Today I am thankful for the beautiful weather in her honor. Go tell one of your favorite stories and listen to someone else’s. These are the stories that make up our lives, from the mundane to the extraordinary.
Next year I’ll tell you about how she inspired everyone around her to constantly seek out new ways to make themselves more spiritual, and simply be better people. Heck, after she passed away, she even managed to inspire the priest that lead her funeral. Until then, enjoy the spring.
9 responses to “For My Grandma, 1925-2014”
Thanks for the beautiful memories G!
HI Ginny, Your article about Grandma was so beautifully written and very moving. It meant so much to me. Thank you for sending it to me.

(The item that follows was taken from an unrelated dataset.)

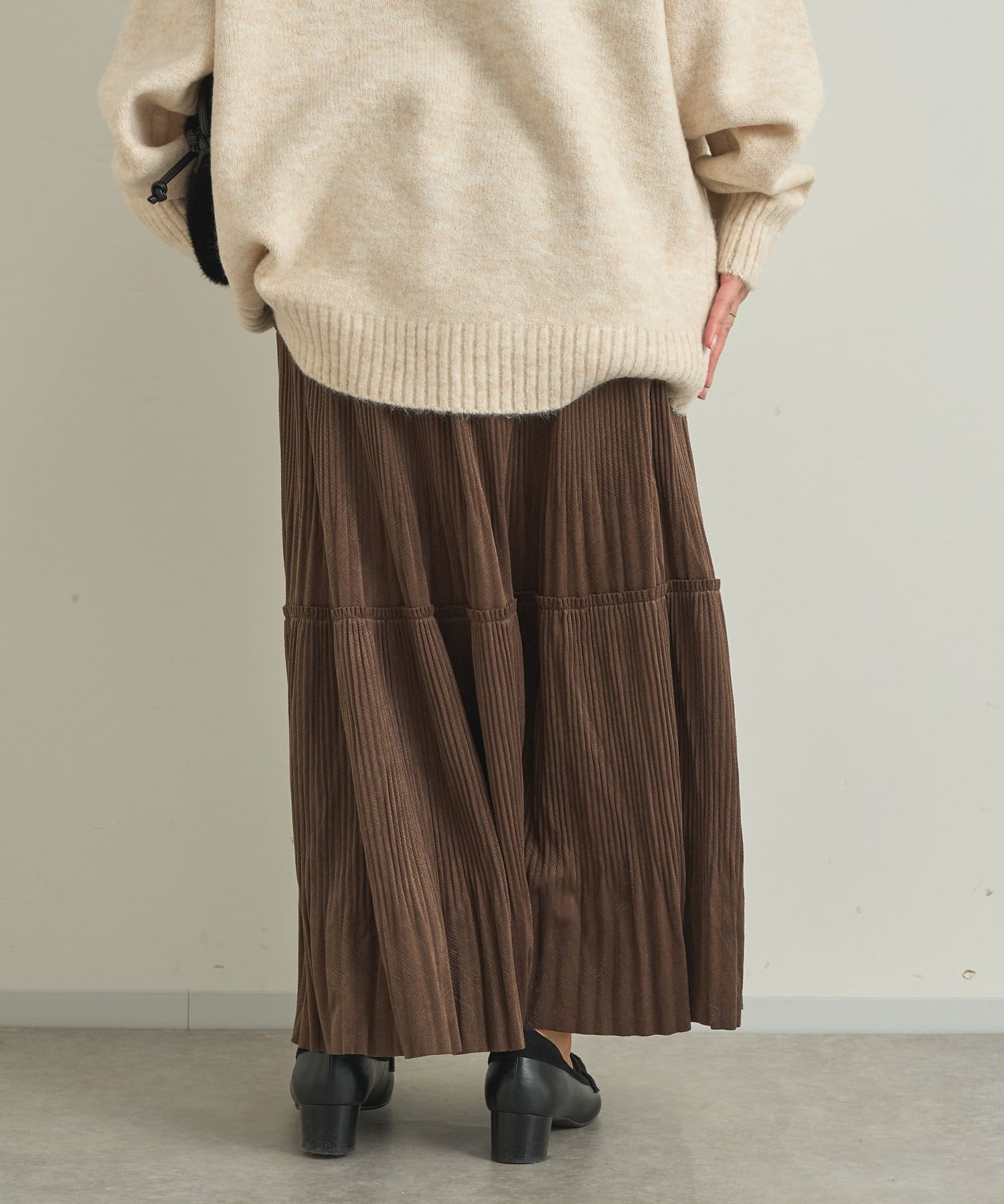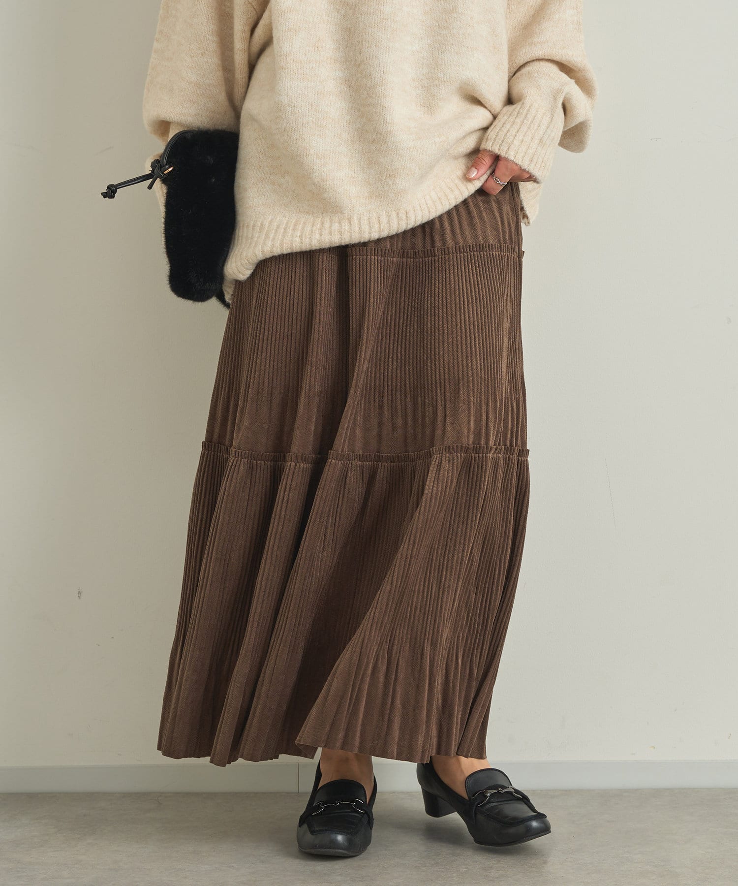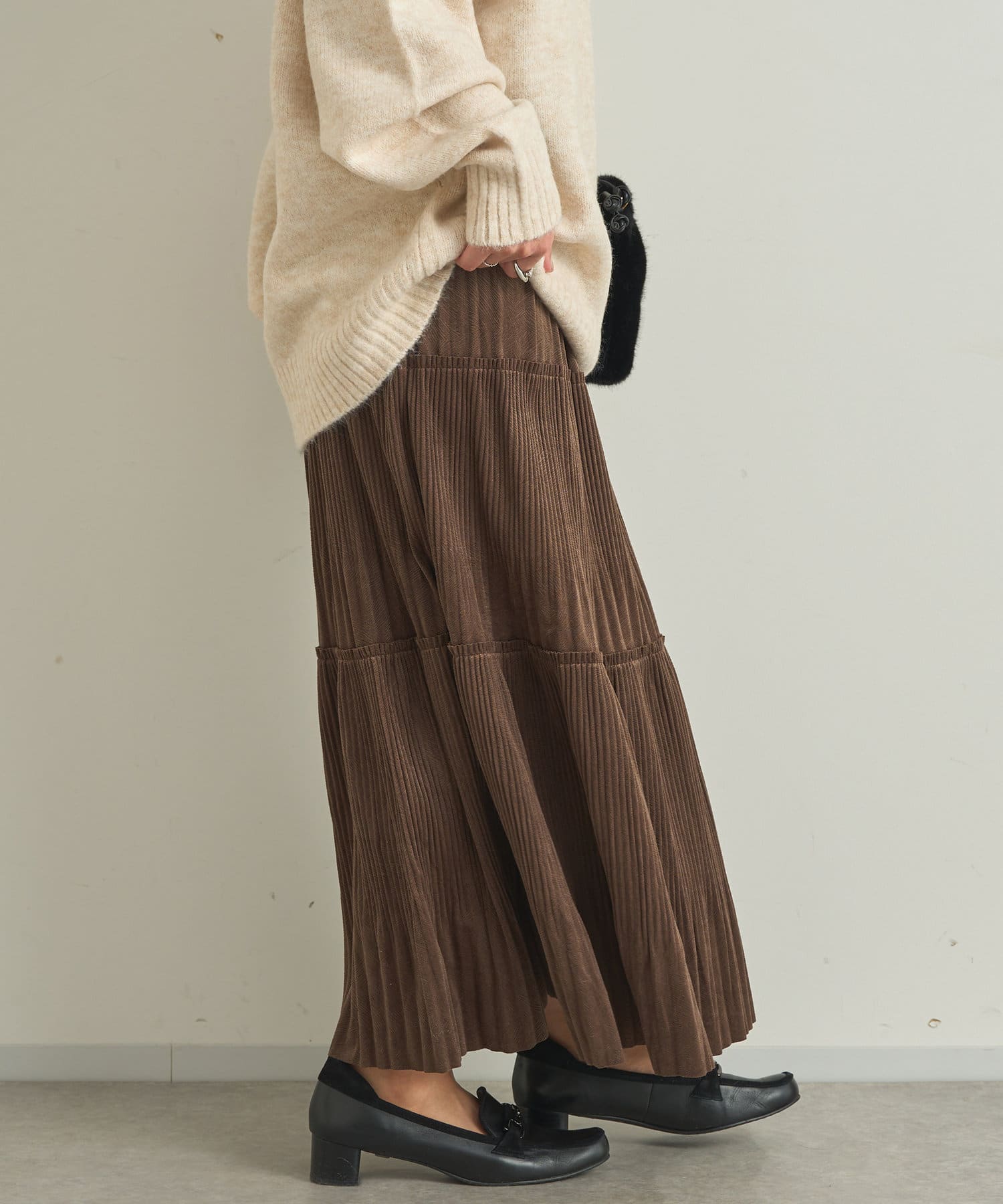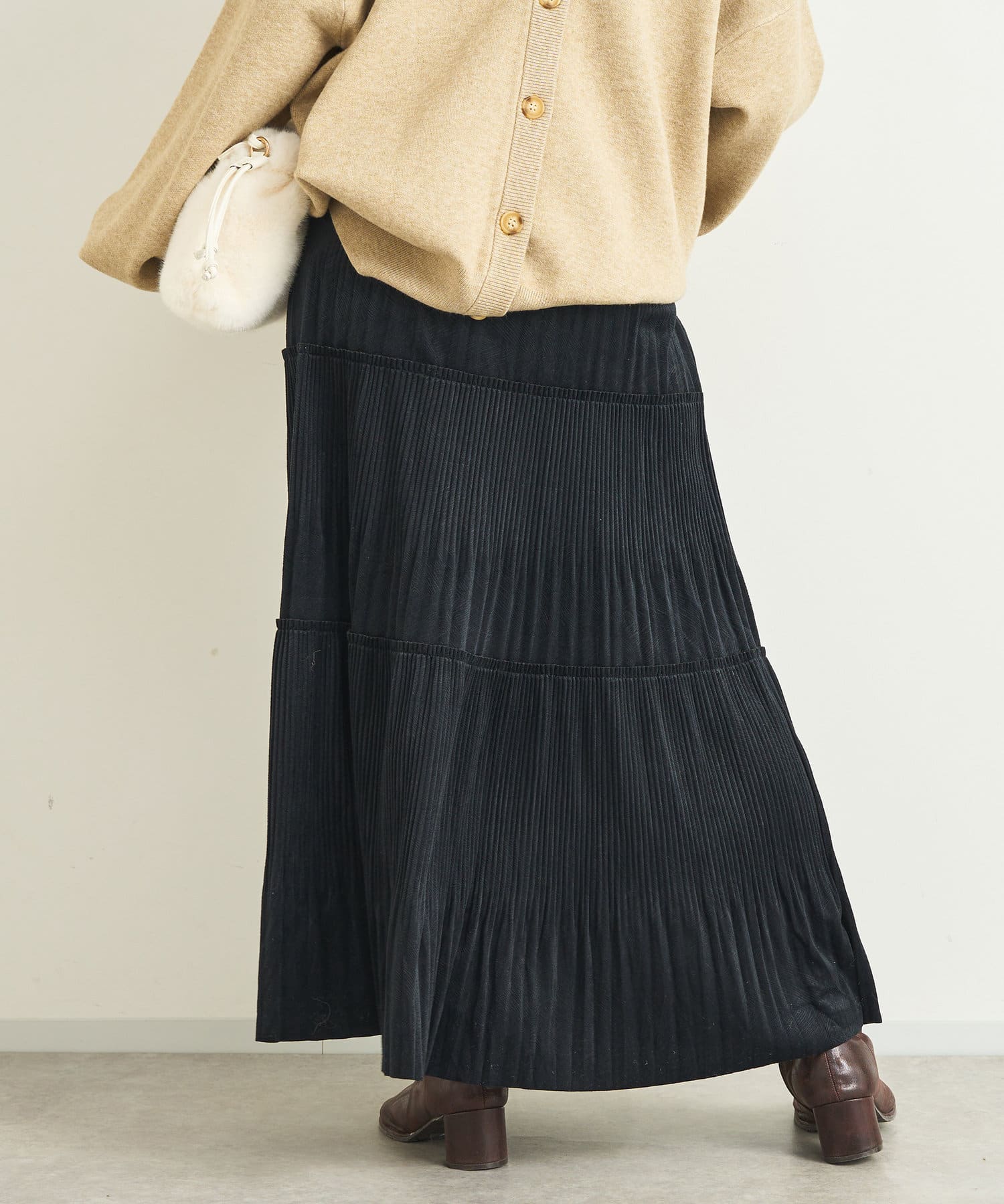 ・ベロア素材にプリーツを施した3段ティアードスカート

On 3/8/16, 9:21 AM, “Maybe there will be cupcakes…” wrote:
> ginnybartolone posted: ” Today marks the two-year anniversary of losing my > grandmother on my mom’s side, Doris Clifford. I got the call after making it > to the end of a hellish week, barely by the skin of my teeth. I was helping > plan a massive gala in NYC and nearly collapse” >
I’m so glad Ma, thank you:)
Very beautiful, Ginny. Thank you for remembering her in such a personal way.
Thank you, Anne! I really appreciate it.
Beautifully written! Thanks for sharing this memory of your Grandma. She certainly loved telling stories. One occasion I especially recall was a ride from downtown Scranton to “1722” with the funeral director at O’Donnell’s, following some bit of legal business concerning Grandpa’s passing in 2005. Your Grandma regaled us both with elaborate stories about almost every house we passed driving up Delaware Avenue from N. Washington!
I love that story, thank you so much Bobby. And thank you for reading!